The MMA had also called out the government for the need for such a hectic process, especially the audit done by state JKJAV, which is slowing down the COVID-19 vaccine rollout at GP clinics. MMA honorary general secretary Dr R. Arasu said that the audits were ordered by the state JKJAV and that neither CKAPS nor MOH has anything to do with it. Dr Arasu explained that only less than a third of the 8,000 GPs nationwide have signed up to participate in the national coronavirus inoculation drive due to a "confusing" implementation process, saying: "With more clarity, more GPs will participate."
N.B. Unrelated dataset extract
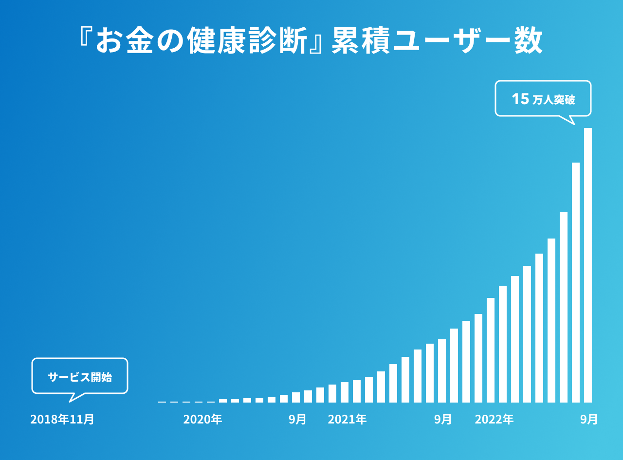 これまでサービスリリースから約4年間で、累計登録ユーザー数は約16万人となっており、直近3か月の月次新規登録ユーザー数の増加率は、平均して約40%で推移しています。(2022年9月30日時点)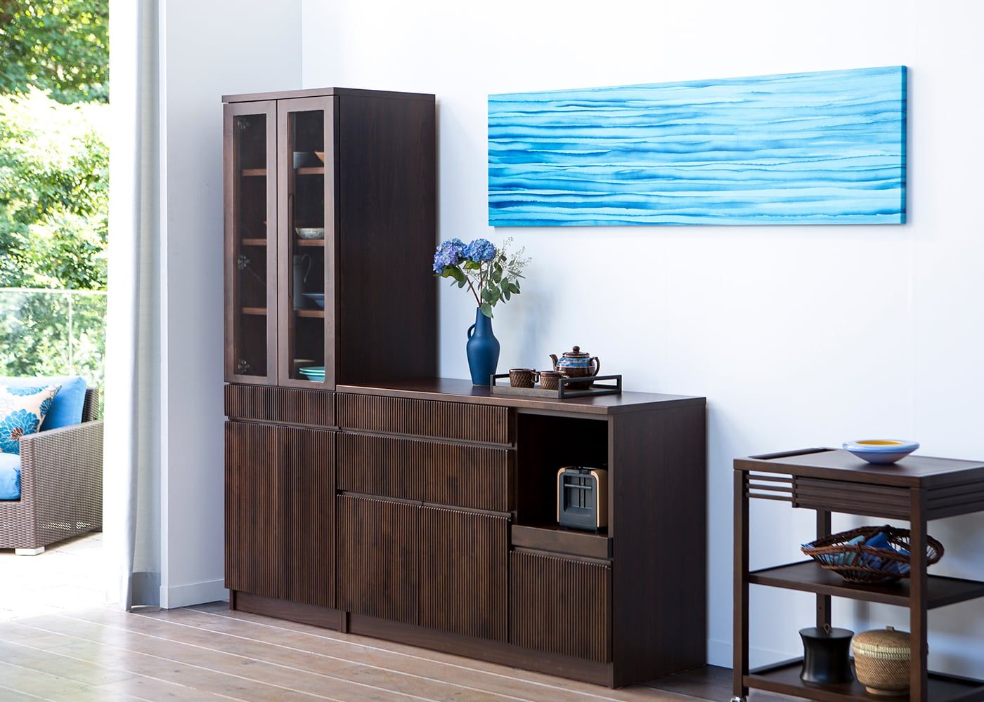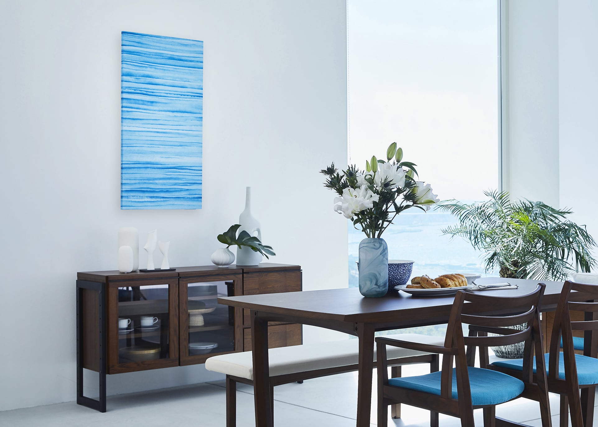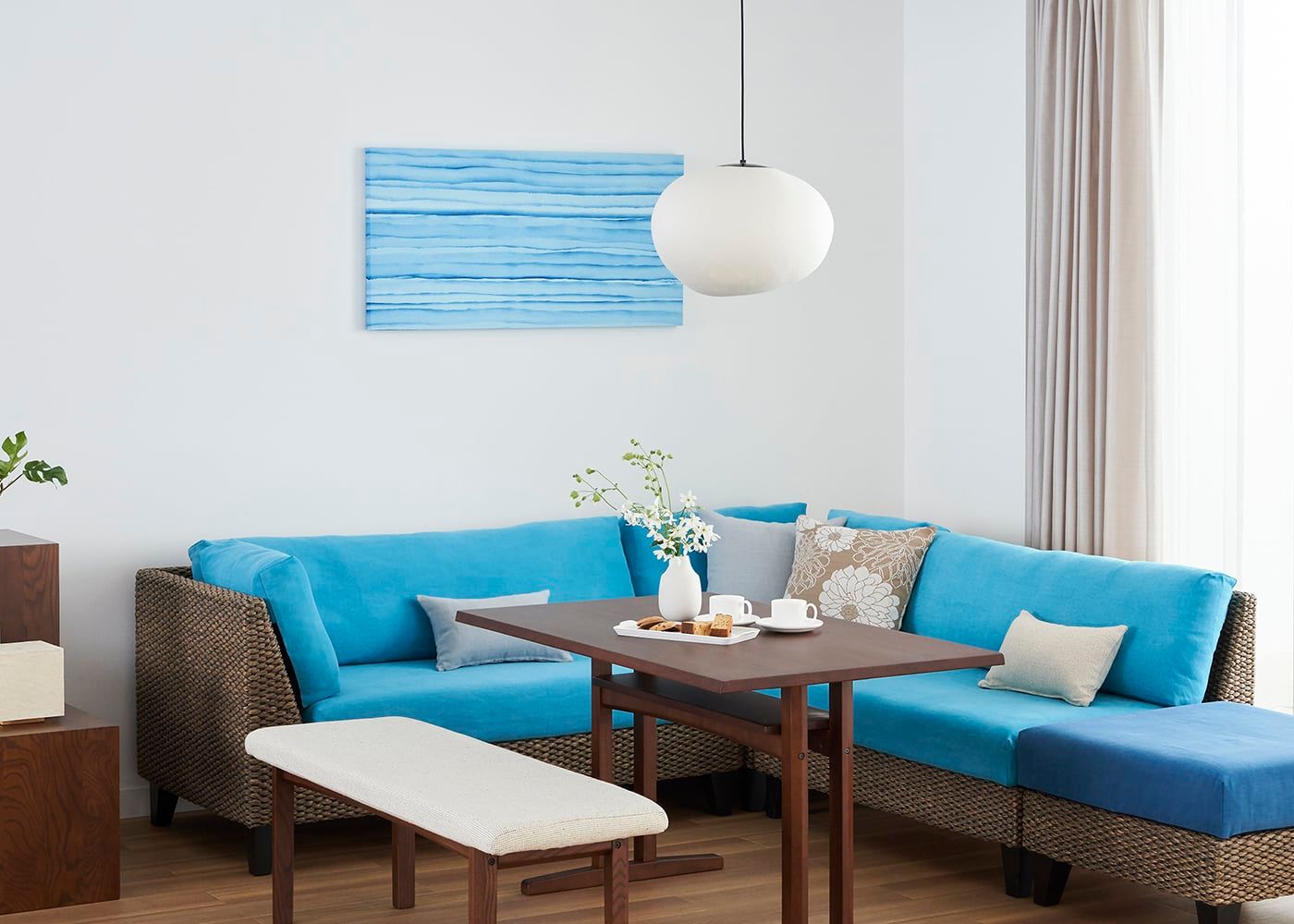 ソファダイニングに海と空を連想させるカラーをプラスしたコーディネート例。爽やかな色合いでまとめた

As of 21, 2 June weeks after private hospitals were allowed to distribute vaccines, it was reported that over 1 million doses have been given. Despite this, there was no indication from the government that private hospitals and clinics will be allowed to purchase vaccines on their own as the vaccine being distributed are from the government's stock.

On 3 August, A private hospital doctor, Dr Musa Nordin, has launched a scathing attack on Malaysia's COVID-19 vaccination programme, accusing the Special Committee for Ensuring Access to COVID-19 Vaccine Supply (JKJAV) not only of flip-flopping, but also of corruption. He also asked why the National Pharmaceutical Regulatory Agency (NPRA), the main drug approval authority under the health ministry, had yet to give the green light for the Moderna vaccine. The doctor criticised what he called the "flip-flop" policies of the vaccines committee on administering jabs to teenagers, as well as on the procurement of the Sinovac vaccine. His comments drew strong reactions from the public as well as from veteran doctors. On 5 August, Malaysia granted conditional approval on the use of Moderna vaccine.

==== CITF's decision to stop private GPs from distributing vaccines ====
On 21 August, it was reported that the CITF decided to stop vaccination appointments at 741 private GP clinics, several private hospitals and ambulatory care centres in Selangor. CITF informed private GPs via a circular issued by ProtectHealth (ProtectHealth Corporation Sdn Bhd) that private GPs giving private vaccinations will not be allowed to give vaccinations under the immunisation program without any reason. Many medical practitioners were baffled by the CITF's decisions and had called out the CITF for such actions, especially when the country is in its last leg to achieving 80% herd immunity.

Health director general Tan Sri Dr Noor Hisham Abdullah also tweeted that the decision to stop GPs from administering vaccines was against his advice.

The CITF had responded, saying that it is because a majority of those in the Klang Valley and that the GP involvement in the vaccine distribution is based on current needs. They also stated that they may re-engage with private GPs in the future when mega vaccination centres have ceased.

Despite this, president of the Malaysian Medical Association Subramaniam Muniandy have called out the CITF for such policies of use when needed and dump when not needed will not augur well and discourage other GPs from participating. He commented that since the vaccination has picked up, the CITF should phase out the mega PPVs and allow GPs to run PICK's final lap while the government strengthens its resources at public healthcare facilities. Most people find it more convenient to go to a private GP for their vaccination as private clinics are close to the community and not crowded.